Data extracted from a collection

↓

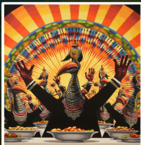
HAMSPORT THE MINISTRY

The Continuum of a musical/ sub-cultural tribe that's managed to hold it together for over 20 years.
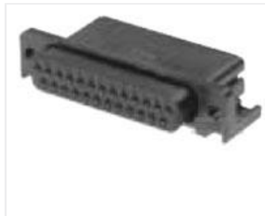
TE Part #747461-1 25 APFL RCPT RA 590
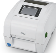
TH 240/340 HTC
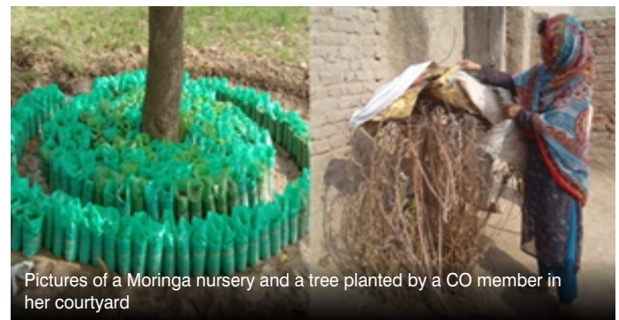
Pictures of a Moringa nursery and a tree planted by a CO member in her courtyard

Sensitised by the CAT session on the benefits of tree plantation, the LSO leaders decided to plant trees at a large scale throughout their UC. On the instruction of the LSO leaders, the Village Organisation (VO) leaders raised awareness among their member COs about the benefits and importance of tree plantation and created effective demand for planting materials, and submitted the demands for tree saplings to the LSO leaders. The LSO leaders then approached the Government Forest Department for the provision of rooted trees for onward distribution among CO members through VOs. The LSO leaders bought 1,000 saplings at subsidised rates from the Forest Department and distributed them among CO members who planted them in their courtyards and other free spaces near their houses. The Agriculture Entrepreneurs trained and supported by the EU-funded PINS ER3 Programme sold 250 Moringa tree saplings on subsidised rates and the LSO purchased 100 trees on a self-help basis and distributed them amongst the CO members. Thus, a total of 1,350 trees have been planted in the UC. The process continues and the LSO and VO leaders are planning to plant more trees in the future.
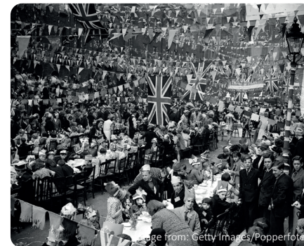
Street party to celebrate the coronation.
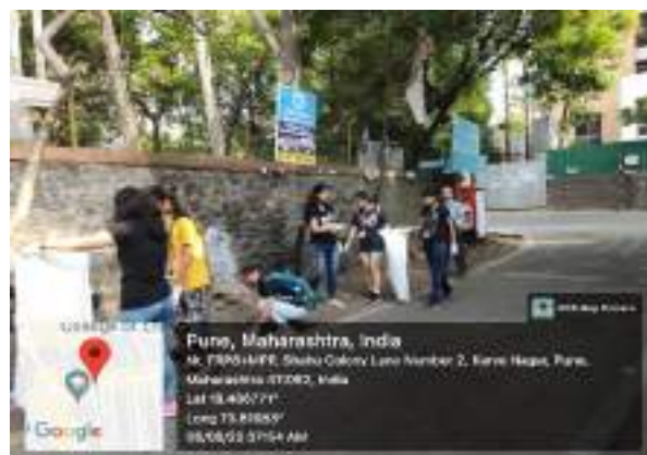
Cummins NSS Team collecting garbage during Plogathon-2022 Mega Drive
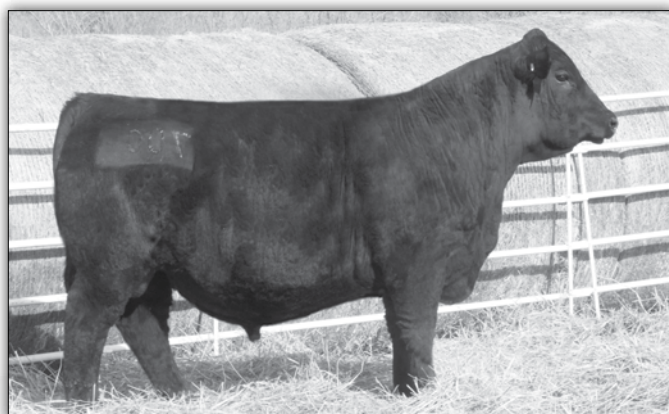
Molitor Land Grant 600-700 - Lot 52
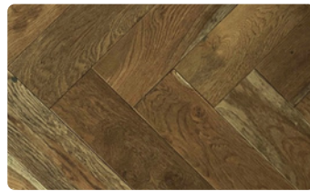
LIGHT VINTAGE GELEHT14-3
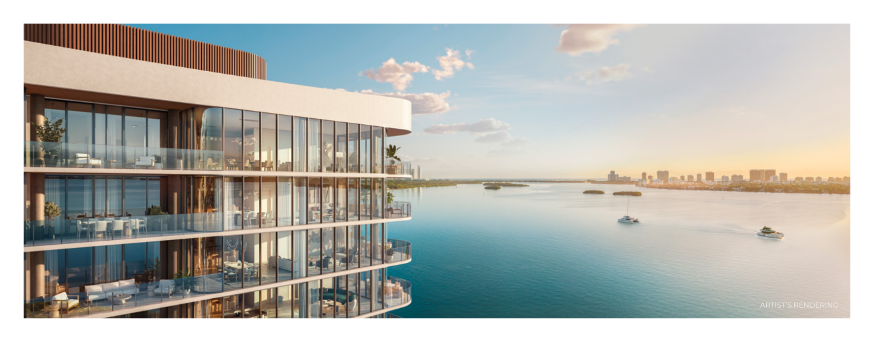
Two- to four-bedroom residences from $2.3 Million solanabay.com

↑

_What to do_
The copy must begin at the line containing "LIGHT VINTAGE GELEHT14-3" and end at the last line of the data above, with every line retyped exactly and no pictures included.

_Response_
LIGHT VINTAGE GELEHT14-3
Two- to four-bedroom residences from $2.3 Million solanabay.com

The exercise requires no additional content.